RECORDS FOR PROCESSING:
****************

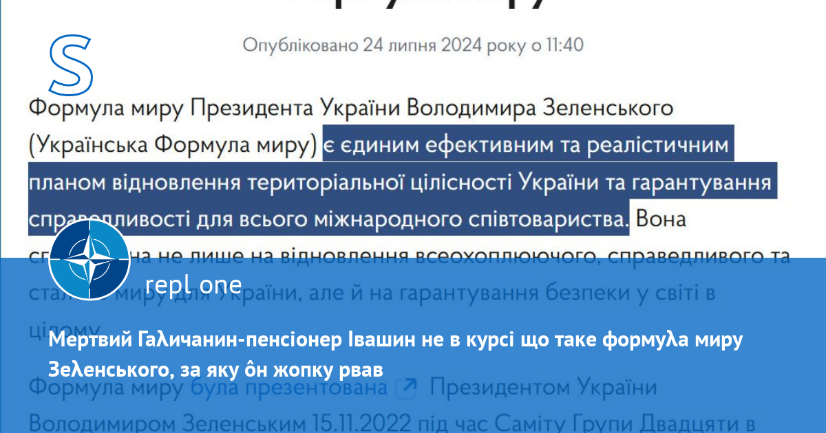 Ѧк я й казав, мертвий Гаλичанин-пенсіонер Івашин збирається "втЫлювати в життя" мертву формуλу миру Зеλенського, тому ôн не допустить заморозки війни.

****************

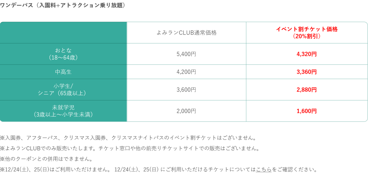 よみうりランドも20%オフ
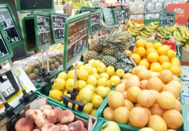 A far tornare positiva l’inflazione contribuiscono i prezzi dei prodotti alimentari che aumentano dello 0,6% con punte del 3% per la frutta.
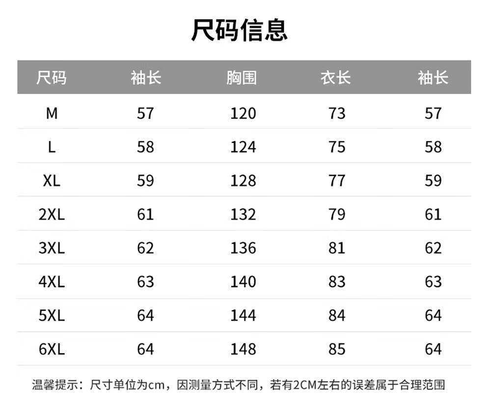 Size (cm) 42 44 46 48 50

****************

GOAL OF THE EXERCISE:
The lines to copy exactly start with the line above that has "A far tornare" and go on through the line that has "Size (cm) 42 44 46 48 50"; please include both, add nothing else, and omit the pictures.

ANSWER TO THE PROBLEM:
 A far tornare positiva l’inflazione contribuiscono i prezzi dei prodotti alimentari che aumentano dello 0,6% con punte del 3% per la frutta.
 Size (cm) 42 44 46 48 50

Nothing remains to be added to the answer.